PostgreSQL offers a full featured Full-Text Search FTS engine since version 9.6. In later versions some improvements has been added to the FTS engine.

Full-Text Search Initialization in PostgreSQL
To start using the Full-Text Search within a PostgreSQL database it is required to initialize a FTS dictionary for each language that will be used to search. In this example english for which the english_stem_nostop (english, no stop words) dictionary available in PostgreSQL will be used. The following queries need to be run over the target database that will be used for searches.

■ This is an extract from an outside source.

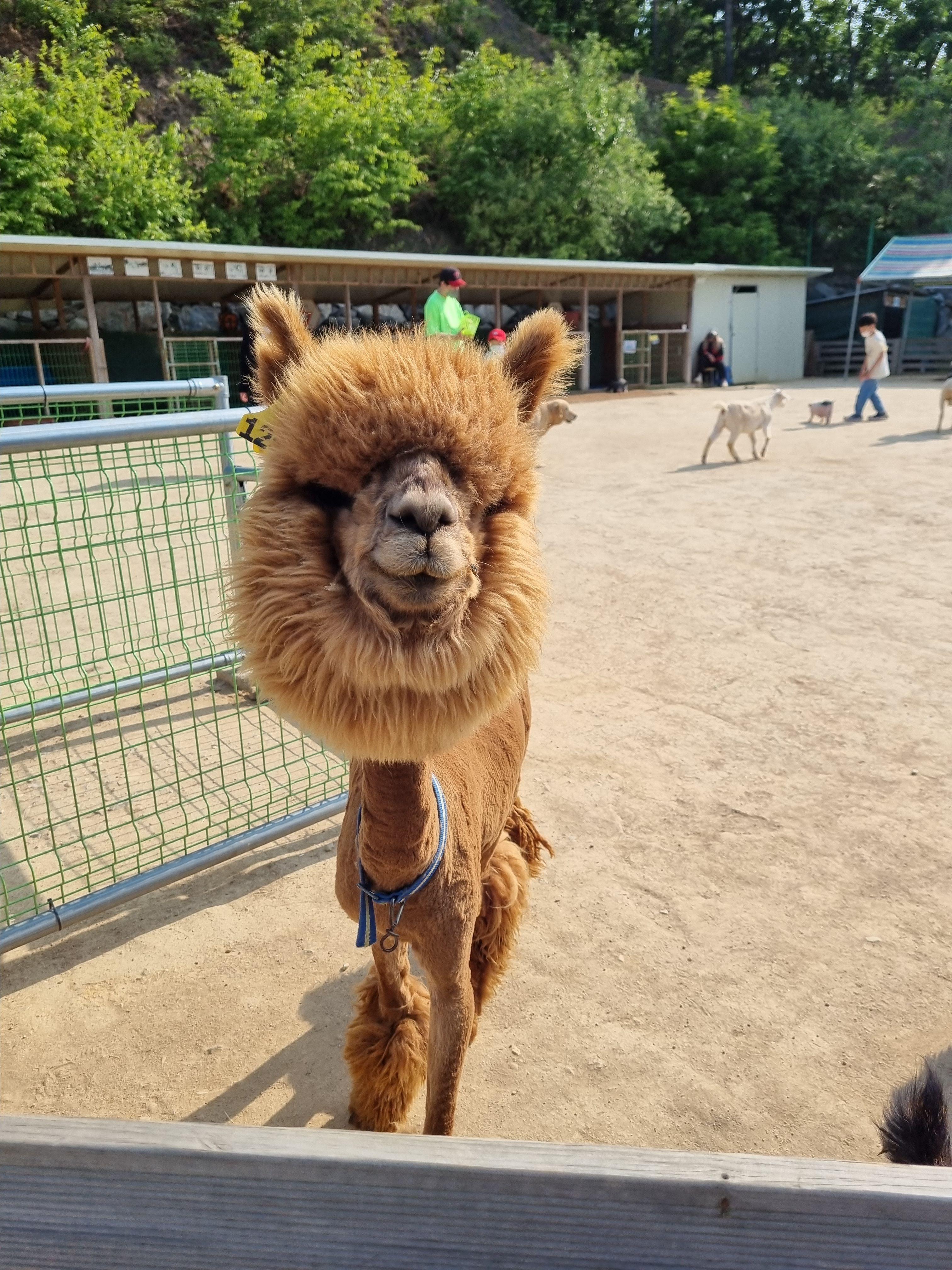 알파카가 생각보다 너무 커서 살짝 겁먹었어요.. 근데 푸들컷 너무 귀여운거 있죠~?

-- initialize the FTS english_stem_nostop within the target database
CREATE TEXT SEARCH DICTIONARY public.english_stem_nostop(Template = snowball, Language = english);

-- create the FTS search configuration within the target database
CREATE TEXT SEARCH CONFIGURATION public.english_nostop ( COPY = pg_catalog.english );

-- add some basic parsers to the FTS search configuration within the target database
ALTER TEXT SEARCH CONFIGURATION public.english_nostop ALTER MAPPING FOR asciiword, asciihword, hword_asciipart, hword, hword_part, word WITH english_stem_nostop;


Full-Text Search Setup example, for table my_table
Once the above initialization has been completed it is the time to create a FTS dedicated field for searches. It can be done without, by only using an index, but in this example we will create a separate special FTS field in order to be able to visualize the FTS data.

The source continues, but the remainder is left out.